Problem statement
All entries should be copied exactly; the pictures stay out.

-*-

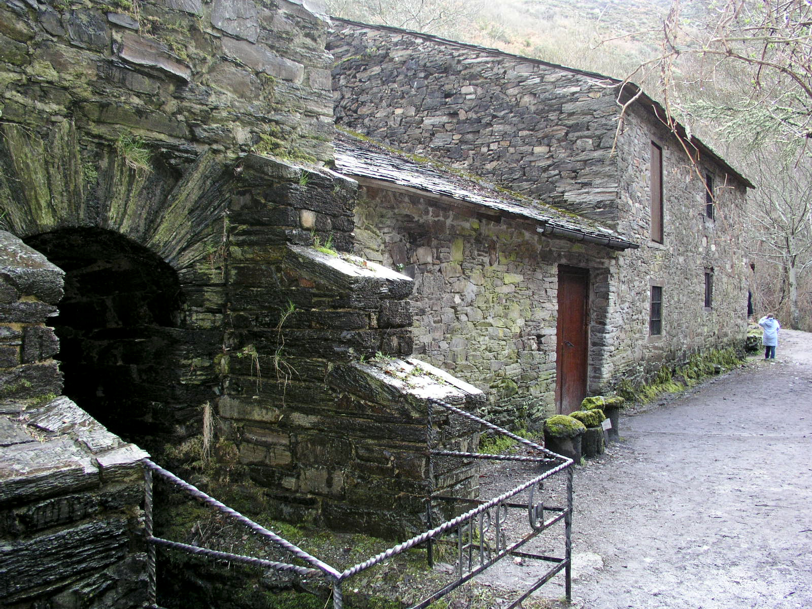 Forge at Compludo, Province of León, Spain. View
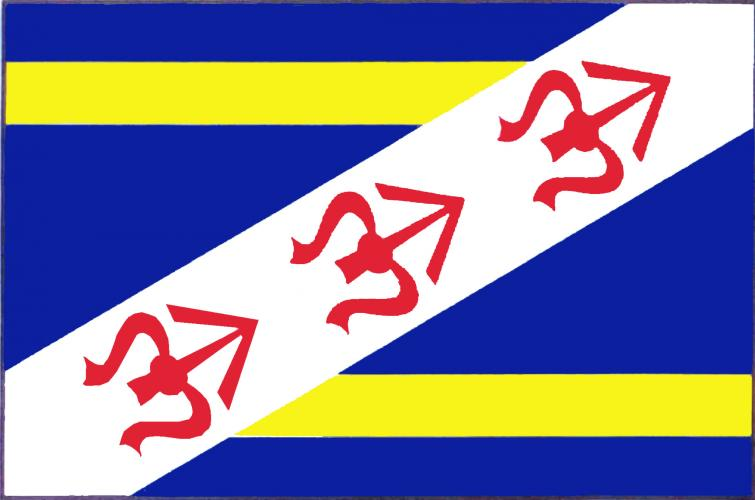 Flag of Střížovice, Kroměříž District, Czech Republic.
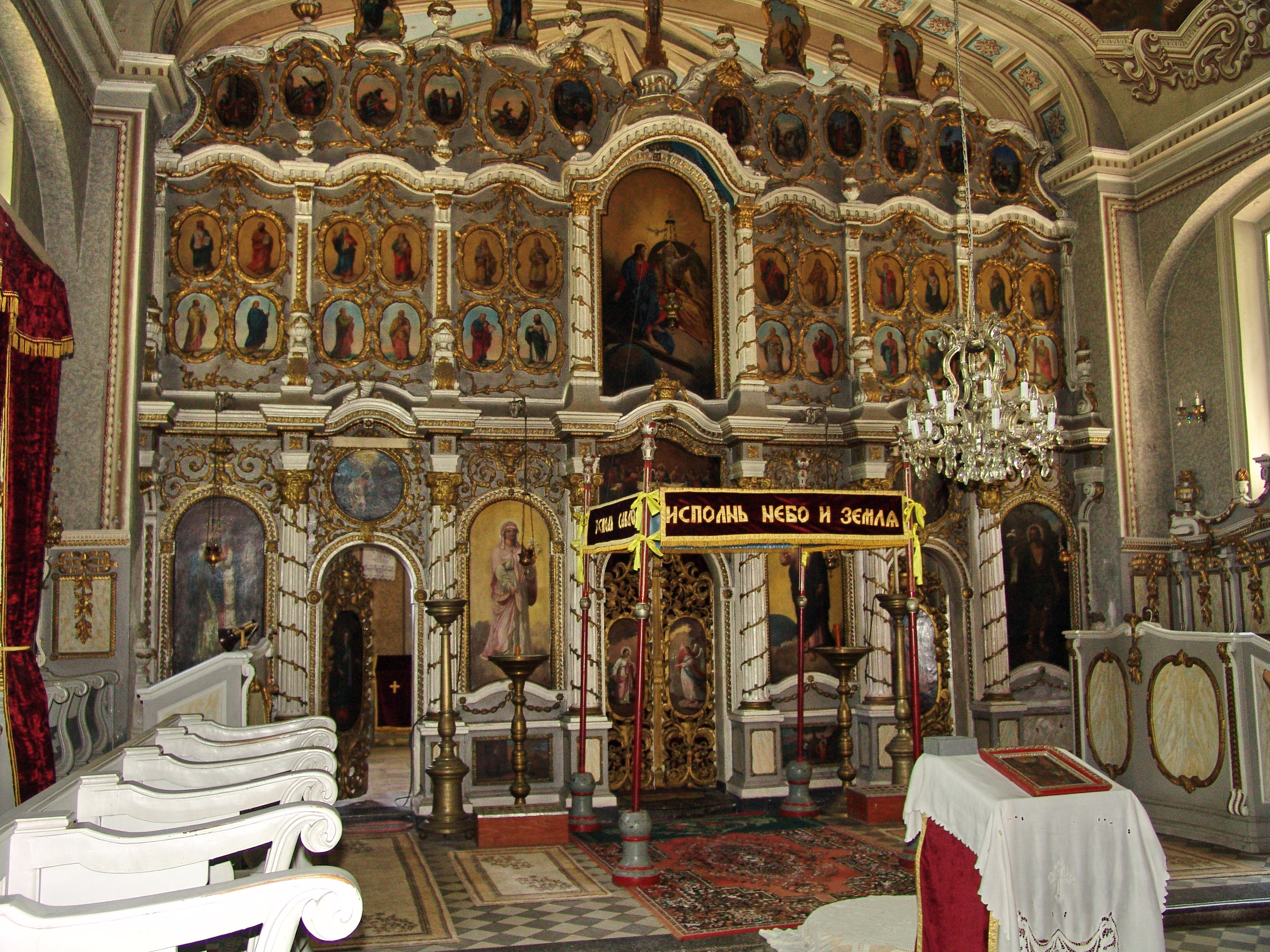 Serbian Orthodox church in Botoš - iconostasis
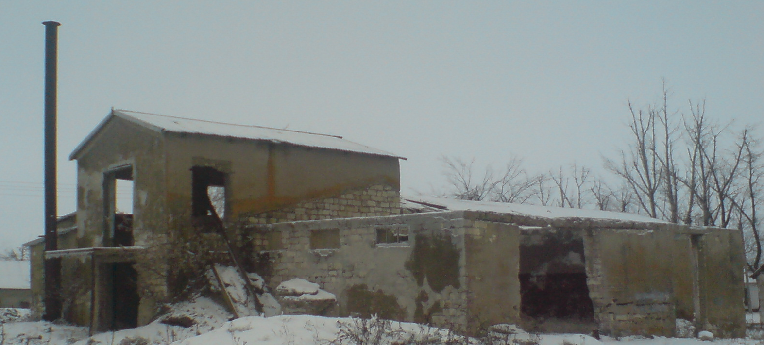 Moskovska Zatyshshia
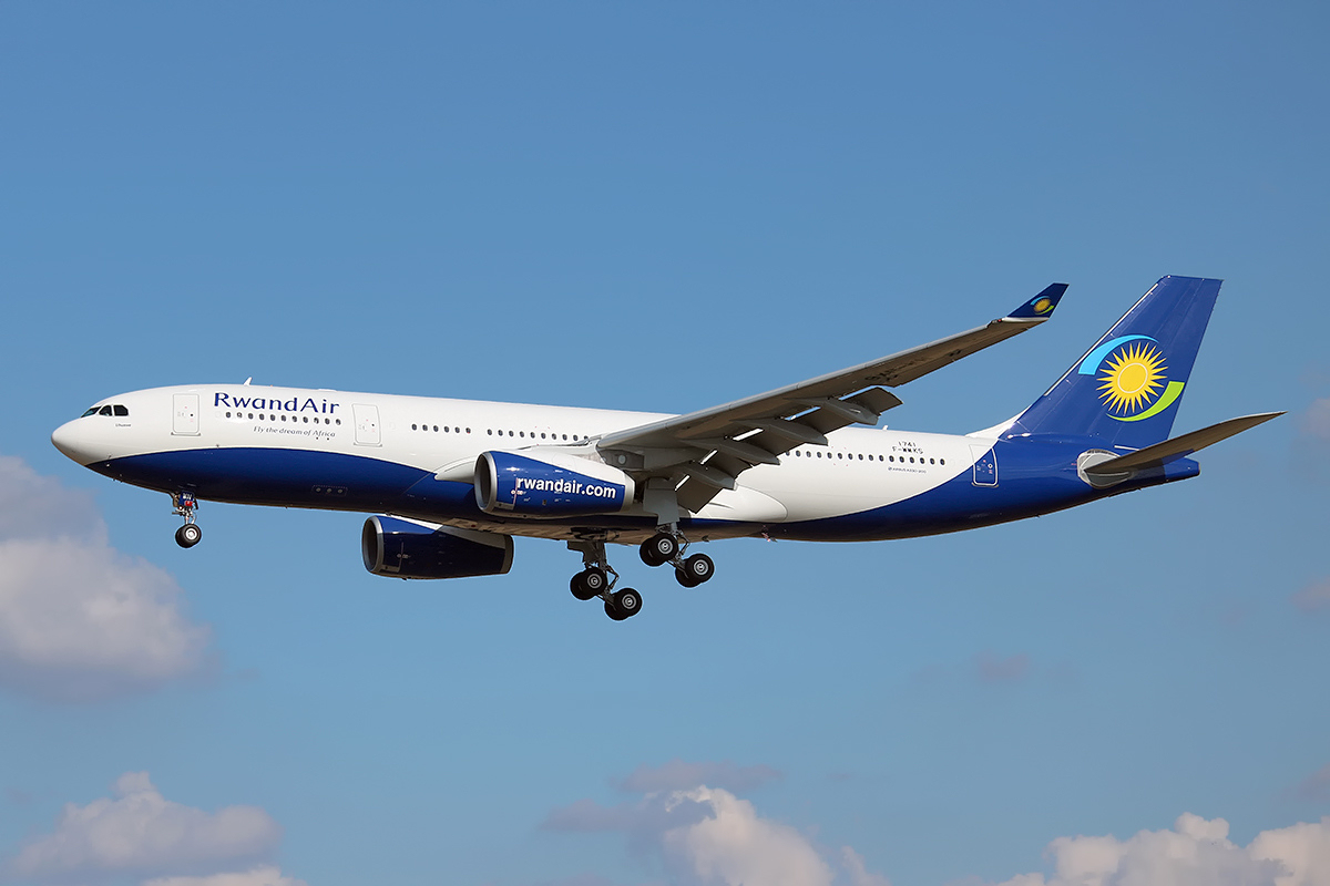 RwandAir Airbus A330-243 on finals into Toulouse. The aircraft is wearing the temporary registration of F-WWKS and was re-registered 9XR-WN on delivery to RwandAir

-*-

Solution to this exercise
 Forge at Compludo, Province of León, Spain. View
 Flag of Střížovice, Kroměříž District, Czech Republic.
 Serbian Orthodox church in Botoš - iconostasis
 Moskovska Zatyshshia
 RwandAir Airbus A330-243 on finals into Toulouse. The aircraft is wearing the temporary registration of F-WWKS and was re-registered 9XR-WN on delivery to RwandAir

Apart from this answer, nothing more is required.